The impact of glucose sensing dynamics on the closed-loop artificial pancreas

Abstract

A closed-loop artificial pancreas (AP) to provide automated treatment for people with type 1 diabetes mellitus has the potential to improve patient health outcomes; however, the system's success hinges on its ability to quickly detect and react to changing blood glucose concentrations (BG). In this study, the impact of measurement lag on AP robust stability, performance, and time-domain disturbance rejection was investigated and compared to the case of an ideal BG sensor. The analysis was performed for an AP using either intraperitoneal (IP) or subcutaneous (SC) insulin delivery routes. Decreasing the sensor lag resulted in a higher tolerance for model uncertainty for robust stability and performance. In the case of a 20 min sensor lag, the time spent in hyperglycemia after a meal disturbance was 59±19 min and 120 ±22 min for IP and SC insulin, respectively.
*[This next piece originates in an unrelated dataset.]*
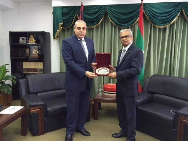 السفير انور الأغا يلتقي مع الرئيس المالديفي و يطلعه على تطورات الأوضاع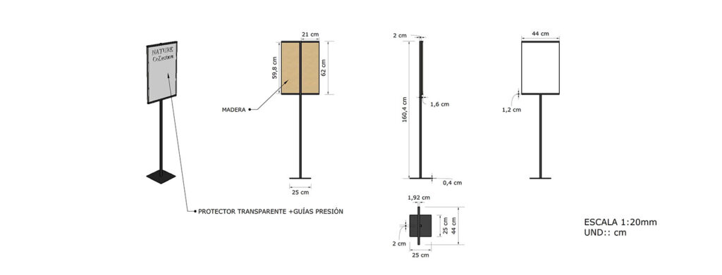 Se diseña la rotulación por zonas, cartelería, soportes de pared y colgantes para producto.

Switching the sensor to the ideal case decreased the time spent in hyperglycemia by 21±8 min for IP insulin and by 13±3 min for SC insulin. Since the SC system already contains large actuation delays, a faster sensor is not as important to improved performance as it is in the IP case. Significant gains in AP performance can be achieved with the use of IP insulin, but these improvements will not be fully realized unless faster glucose sensing is implemented as well.